**SUPPLIED DATA**
○ ○ ○ ○
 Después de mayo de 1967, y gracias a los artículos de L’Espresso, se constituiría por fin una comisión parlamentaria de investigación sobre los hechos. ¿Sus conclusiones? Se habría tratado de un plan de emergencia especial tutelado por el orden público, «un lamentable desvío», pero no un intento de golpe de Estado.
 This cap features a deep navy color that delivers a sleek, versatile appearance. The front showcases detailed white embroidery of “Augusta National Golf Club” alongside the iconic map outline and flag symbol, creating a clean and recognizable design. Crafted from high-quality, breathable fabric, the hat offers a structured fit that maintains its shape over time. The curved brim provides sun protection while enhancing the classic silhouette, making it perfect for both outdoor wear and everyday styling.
○ ○ ○ ○
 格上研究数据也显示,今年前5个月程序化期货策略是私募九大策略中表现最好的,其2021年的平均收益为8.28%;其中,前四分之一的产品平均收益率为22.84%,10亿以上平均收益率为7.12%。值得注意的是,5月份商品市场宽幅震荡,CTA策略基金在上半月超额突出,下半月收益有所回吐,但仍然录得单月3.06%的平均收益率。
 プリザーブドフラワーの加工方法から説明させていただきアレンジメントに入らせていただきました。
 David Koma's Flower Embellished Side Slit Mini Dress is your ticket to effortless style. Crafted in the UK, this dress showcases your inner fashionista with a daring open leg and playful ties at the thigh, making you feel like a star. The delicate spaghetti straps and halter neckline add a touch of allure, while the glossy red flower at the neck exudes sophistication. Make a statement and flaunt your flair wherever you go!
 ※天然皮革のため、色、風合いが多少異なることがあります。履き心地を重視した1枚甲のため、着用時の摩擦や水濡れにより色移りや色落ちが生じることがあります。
○ ○ ○ ○
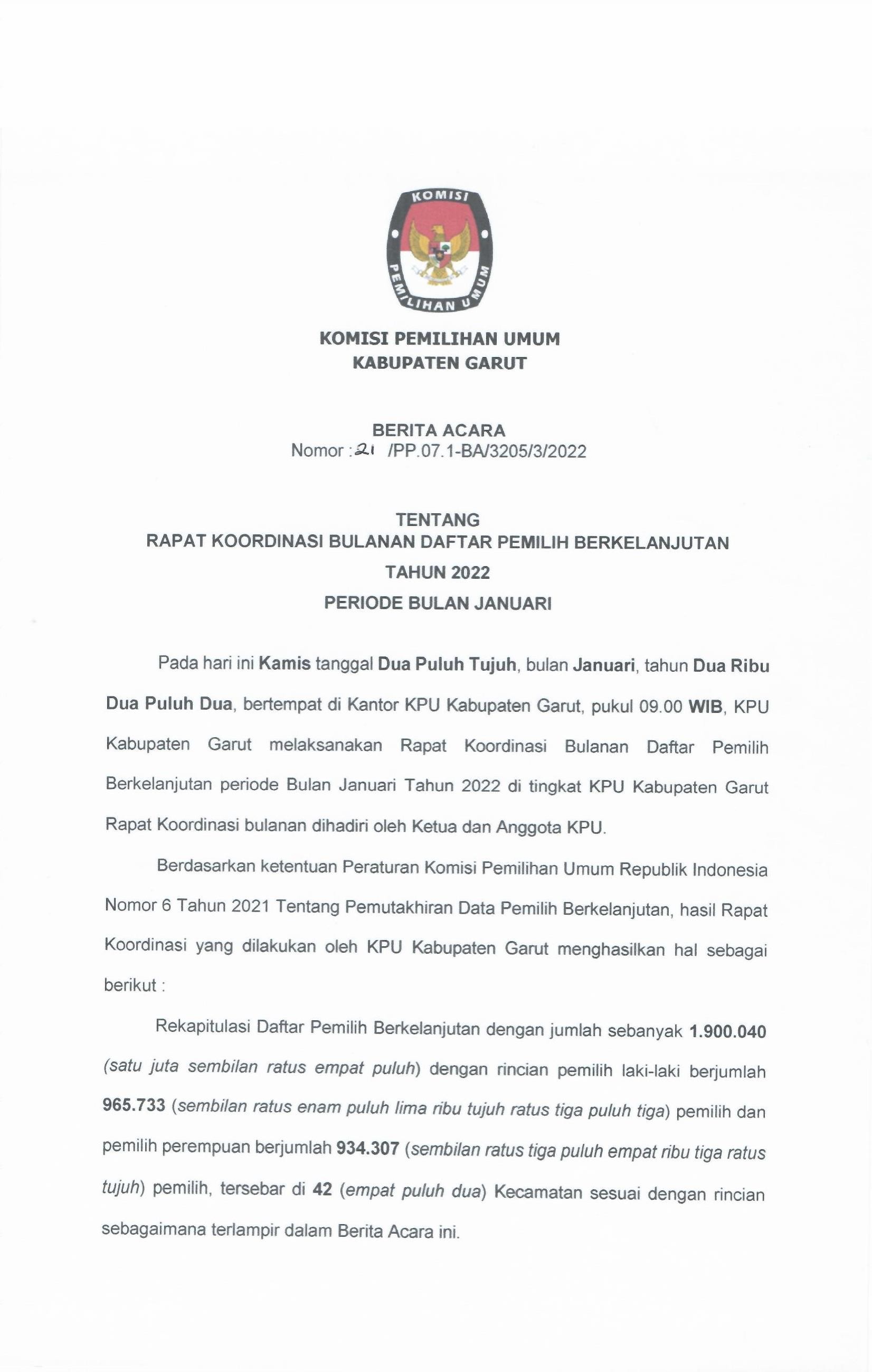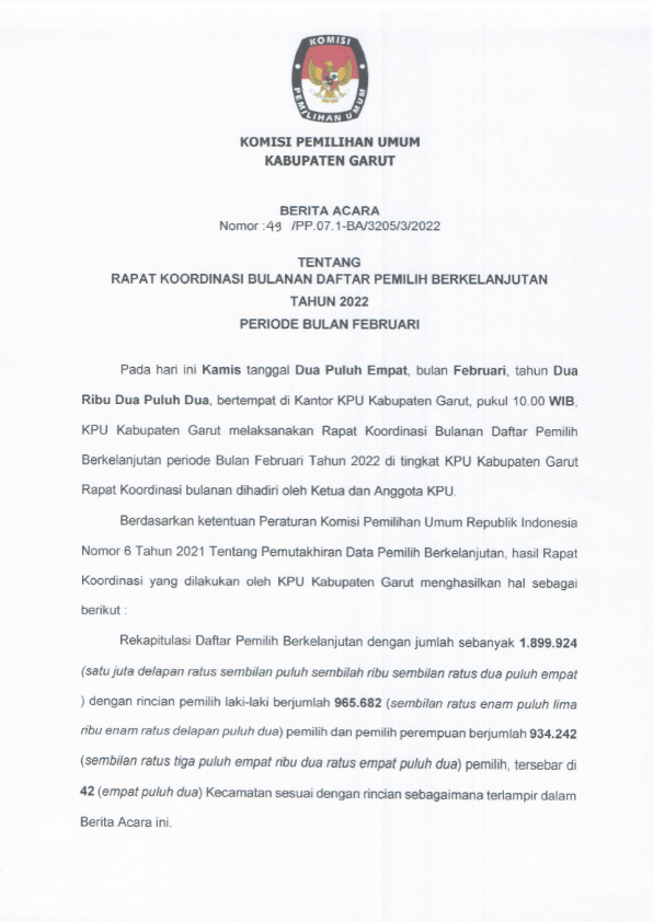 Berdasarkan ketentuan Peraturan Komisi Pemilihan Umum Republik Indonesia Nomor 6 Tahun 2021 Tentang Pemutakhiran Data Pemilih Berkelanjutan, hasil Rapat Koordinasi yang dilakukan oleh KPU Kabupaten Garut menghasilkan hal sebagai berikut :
○ ○ ○ ○
**AIM OF THE EXERCISE**
In the listing above, find the lines holding the word "while" and copy them.

**ANSWER**
 This cap features a deep navy color that delivers a sleek, versatile appearance. The front showcases detailed white embroidery of “Augusta National Golf Club” alongside the iconic map outline and flag symbol, creating a clean and recognizable design. Crafted from high-quality, breathable fabric, the hat offers a structured fit that maintains its shape over time. The curved brim provides sun protection while enhancing the classic silhouette, making it perfect for both outdoor wear and everyday styling.
 David Koma's Flower Embellished Side Slit Mini Dress is your ticket to effortless style. Crafted in the UK, this dress showcases your inner fashionista with a daring open leg and playful ties at the thigh, making you feel like a star. The delicate spaghetti straps and halter neckline add a touch of allure, while the glossy red flower at the neck exudes sophistication. Make a statement and flaunt your flair wherever you go!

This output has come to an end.